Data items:

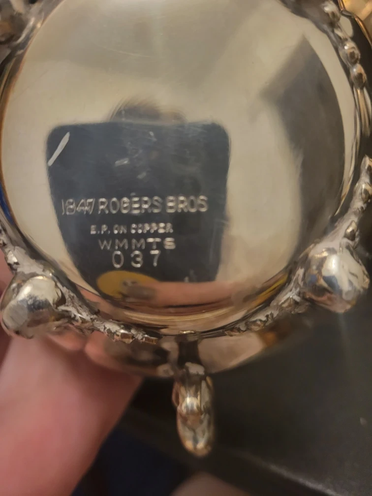 Selling a beautiful silver plated tea set by 1847 Rogers Bros! This set includes a teapot, sugar bowl, creamer, and another smaller teapot. It's marked with 'E.P. on Copper' and 'WMMTS 037'. Perfect for adding a touch of vintage elegance to your tea time. Needs polishing.
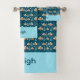 Very cute, cartoon goldfish swim around blue-green aquatic plants on a dark, ocean blue backgound. Personalize with your name in a wide, aqua band at the bottom. Would be very cute and fun for a child.
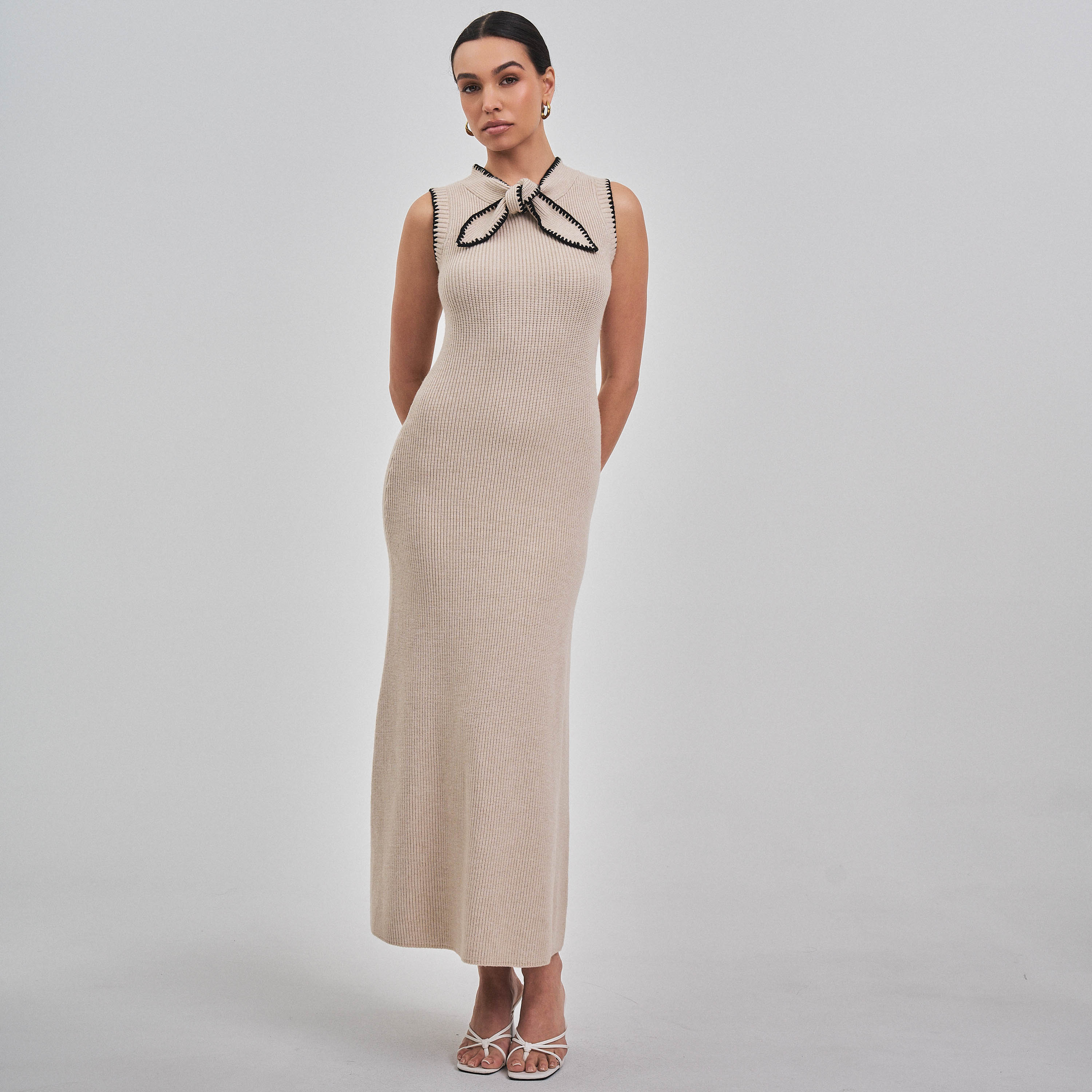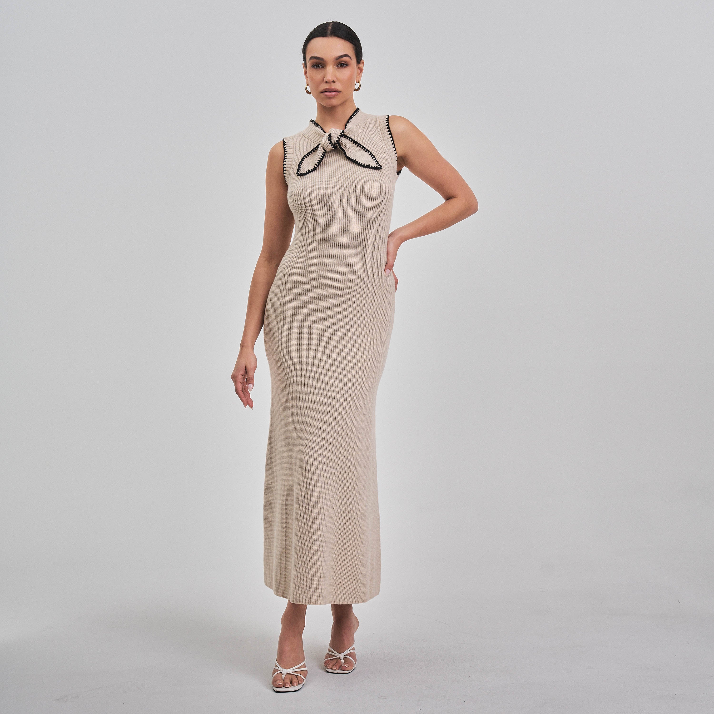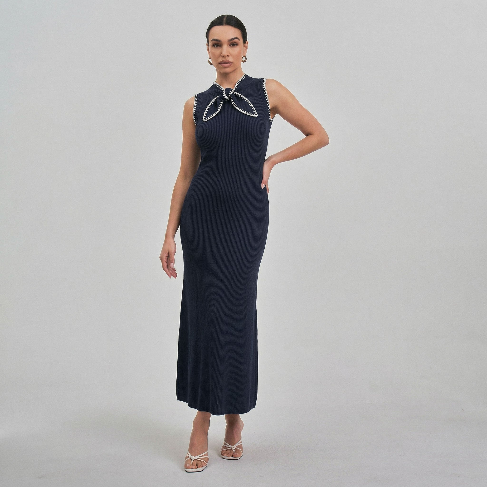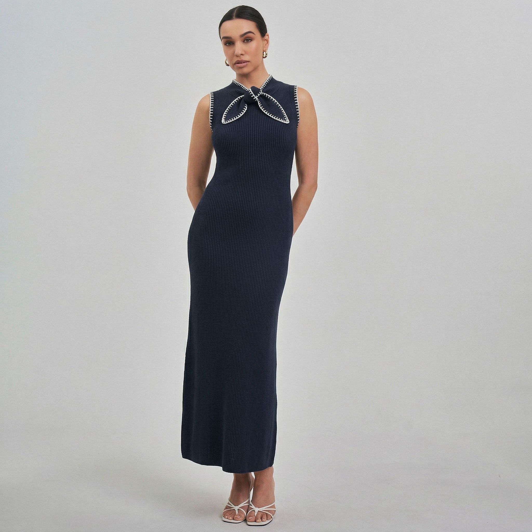 Whipstitch bow knit maxi dress
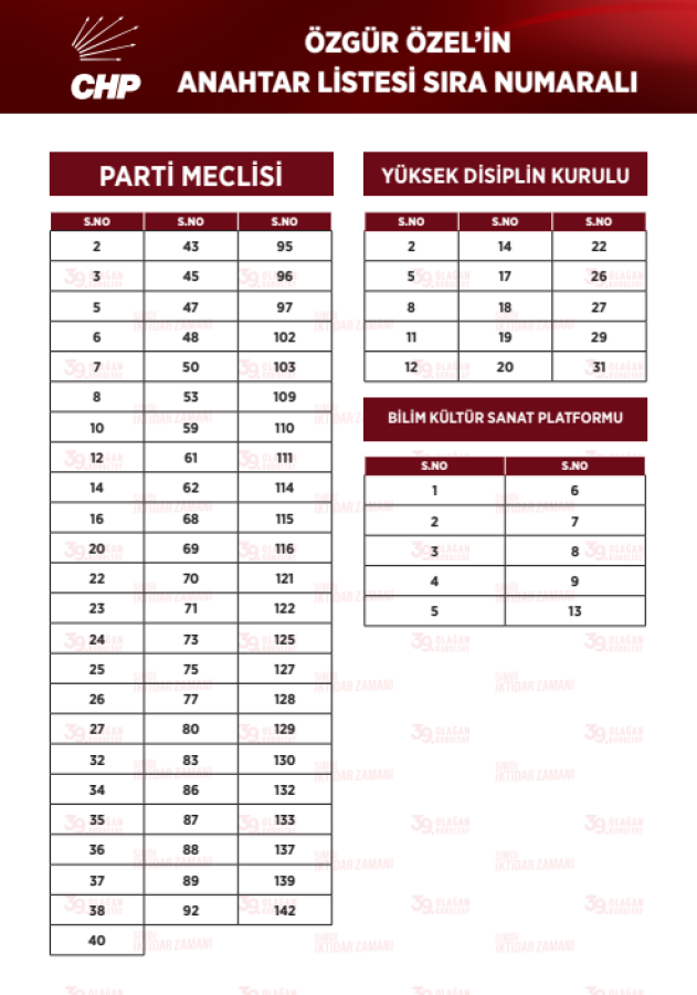 CHP'nin 39. Olağan Kurultayı'nda 145 kişi Parti Meclisi için aday oldu. CHP lideri Özgür Özel'in anahtar listesinde mevcut yönetimdeki 49 isimin korunduğu ve 31 yeni isim eklendiği öğrenildi. Listede Ozan Bingöl, Güldem Atabay, Şule Özsoy Boyunsuz ve İlhan Cihaner gibi isimler olduğu belirtildi.
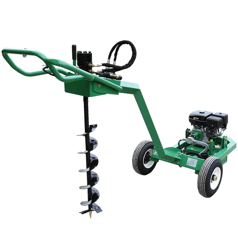 GEO ATV gödörfúró adapter quadokhoz, ATV-ékhez. Különböző fúrófejek 12, 15, 20, 25 és 30 cm átmérővel szerelhetőek. Az eszköz 9 LE teljesítményű motorral szerelt.
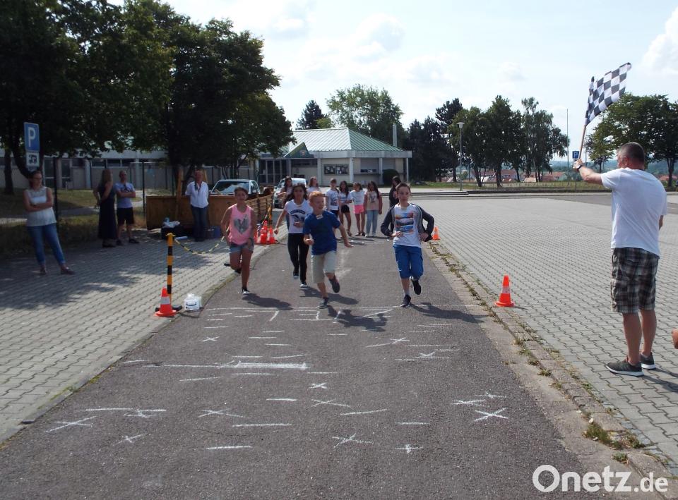 Den Anfang machten sie bei sich selbst: Aus vollem Lauf mussten die Kinder an einer Ziellinie stoppen. Schnell erkannten sie, dass sie dabei nicht sofort stehen bleiben können. Noch länger dauert es bis sie wieder stehen, wenn sie mit dem Abbremsen warten müssen bis Mägle eine Flagge hebt. Aus dieser praktischen Übung wurde gemeinsam mit den Moderatoren die Formel "Reaktionsweg plus Bremsweg ist Anhalteweg" erarbeitet. Diese Erfahrungen galt es nun für die Schüler auf das Auto zu übertragen: Sie mussten den Anhalteweg eines sich mit 50 Stundenkilometern nähernden Fahrzeuges abwägen und dort Pylonen aufstellen - und verschätzten sich gewaltig.
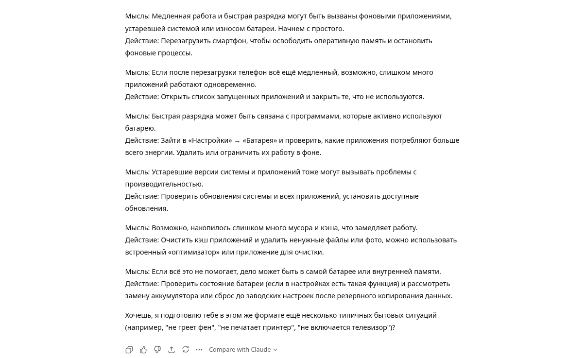 - Чёткость вывода: Вывод должен быть ясным и соответствовать тому, что вы ожидаете. Если нужны промежуточные шаги, используйте их.
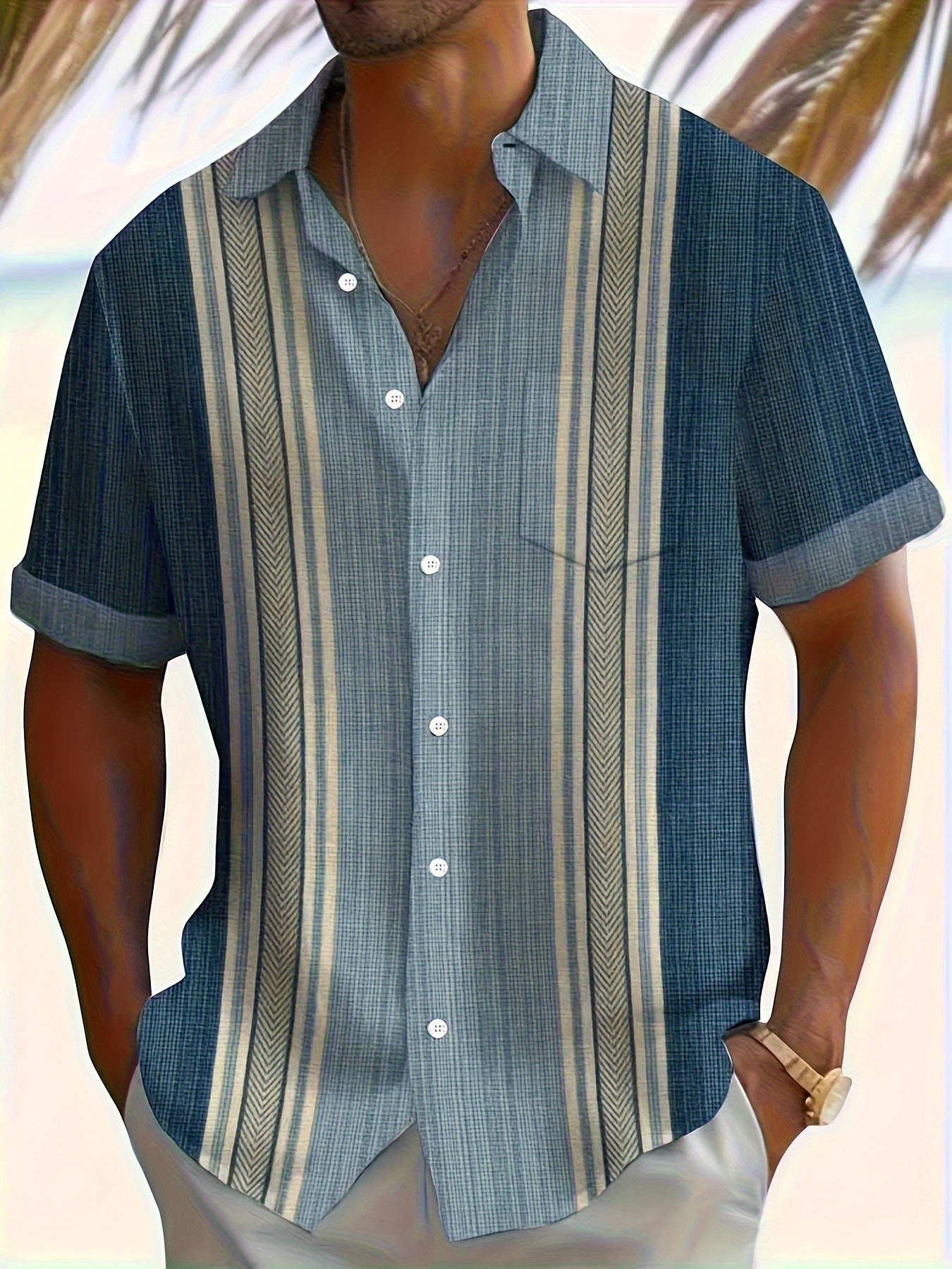 Summer Breathable Men's Short Sleeve Striped Shirt - Casual Button-Up for Vacation & Outdoor Activities

# REQUIRED WORK:
Only what runs from the line containing "- Чёткость вывода: Вывод" through the end of the entries above should be extracted, exactly and without pictures.

# EXERCISE RESPONSE:
 - Чёткость вывода: Вывод должен быть ясным и соответствовать тому, что вы ожидаете. Если нужны промежуточные шаги, используйте их.
 Summer Breathable Men's Short Sleeve Striped Shirt - Casual Button-Up for Vacation & Outdoor Activities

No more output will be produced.